The Thanksgiving tradition is centered on a holiday that could logically be renamed “Day Celebrating the Death and Exploitation of Native American People.” Although we believe we are celebrating the glorious entry of our ancestors into the “Promised Land,” in our ignorance, we are also celebrating the collapse of indigenous America. The ugly part of our heritage has been covered up with fuzzy themes of love and peace. In our blatant ethnocentrism and ignorance, we have taken a day that commemorates the decimation of populations through disease and violence and turned it into a day of feasting and out-baking our sisters-in-law.
American traditions are full of hidden sorrows. Consider Columbus Day, a holiday celebrating the “discovery” of the New World.
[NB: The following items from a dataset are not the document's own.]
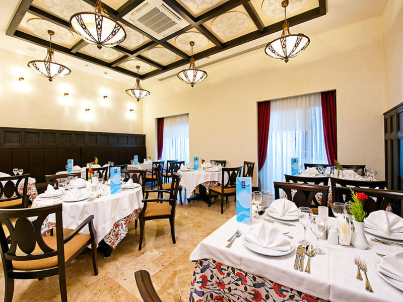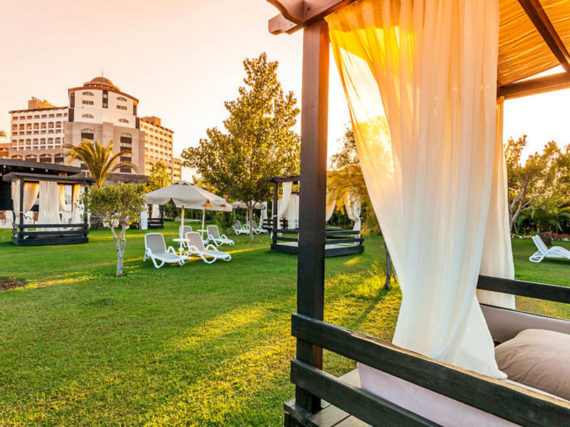 All Inclusive: snídaně, snídaně pozdní od 10:00 do 11:00, oběd a večeře formou bufetu, občerstvení (po hodině), odpolední káva, čaj a dort, cukrárna, zmrzlina (1.11.-31.3.11.00-18.00, 1.4.-31.10. 10.00-24.00), večeře buď v jedné z 3 restaurací à la carte (turecká a mezinárodní kuchyně a rybí speciality / s rezervací / 1x týdně / od 1.11. Do 31.3 pouze s minimální obsazeností), půlnoci snack od 23.00 až do půlnoci, zmrzlina od 11.00 do 24.00 (1.4.-31.10.). Občerstvení, místní a někteří importovaní alkoholici 24 hodin, v nočním klubu od 23.00 do 2.00. Minibar je denně doplněn nealkoholickými nápoji, vodou a pivem. Čerstvý pomerančový džus na snídani.
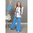 Riccotarz Kız Çocuk Zincir Ve Omuzu Fırfırlı Blazer Ceket Ve İspanyol Paça Mavi Pantolon Alt Üst Takım 001
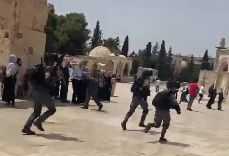 The Israeli occupation forces stormed the squares of Al-Aqsa Mosque, attacking the worshippers who performed Friday Prayers and celebrated the victory of the Palestinian resistance.
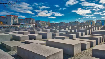 Мемориал жертвам Холокоста расположен в Берлине и был установлен в память о евреях - жертвах нацизма. Представляет собой огромное поле из более чем 2 700 серых плит. Проходы между плитами сделаны слишком узкими, для того чтобы идти по ним вдвоем было неудобно, оставшись же в одиночестве, посетитель начинает переживать сложную гамму чувств.
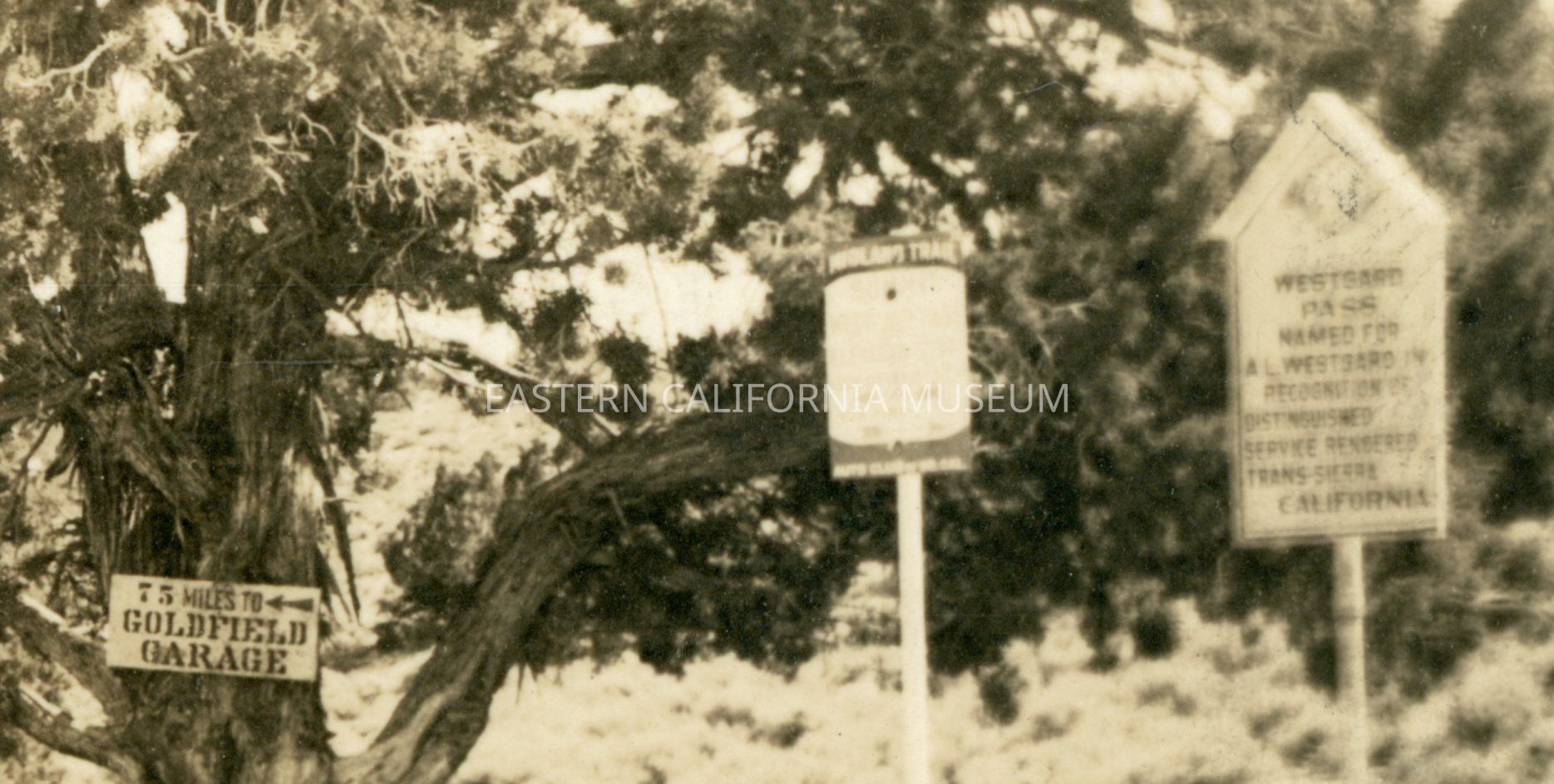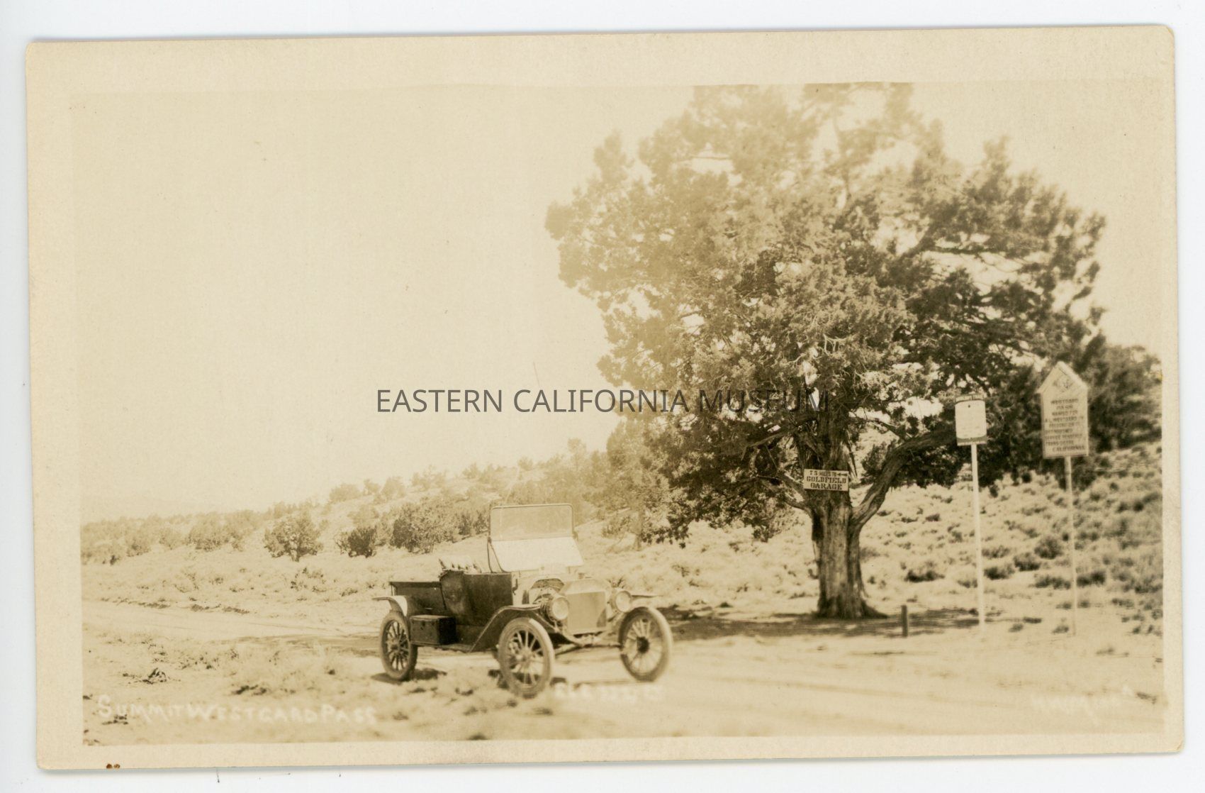 Photo postcard titled, "Summit Westgard Pass, Ele. 7,276 ft." taken by photographer H. W. Mendenhall and given his ID #81a. it shows an early automobile parked by a lone tree with three signs. The sign hanging from the tree says, "75 Miles to Goldfield Garage." The sign in the middle is mostly illegible, but says "Midland Trail / Auto Club of So. Cal." The third sign on the right appears to be an Inyo Good Roads Club sign (like A508.1 and 1975.91.3) and it says, "Westgard Pass named for A. L. Westgard in recognition of distinguished service rendered. Trans-Sierra California."Collection

Our ignorance has hidden the malignity in this tradition, too: Columbus, believing that he had found Cathay, or China, immediately set about enslaving its residents. Our American mindsets celebrate the accomplishments of Columbus while ignoring that the underlying events of his discovery are terrifying. In our ignorance, we celebrate the macabre, we commemorate the gruesome, and we honor the abominable. Although people of our time would claim that ignorance is not something we have control of, it is far past time that America educated itself.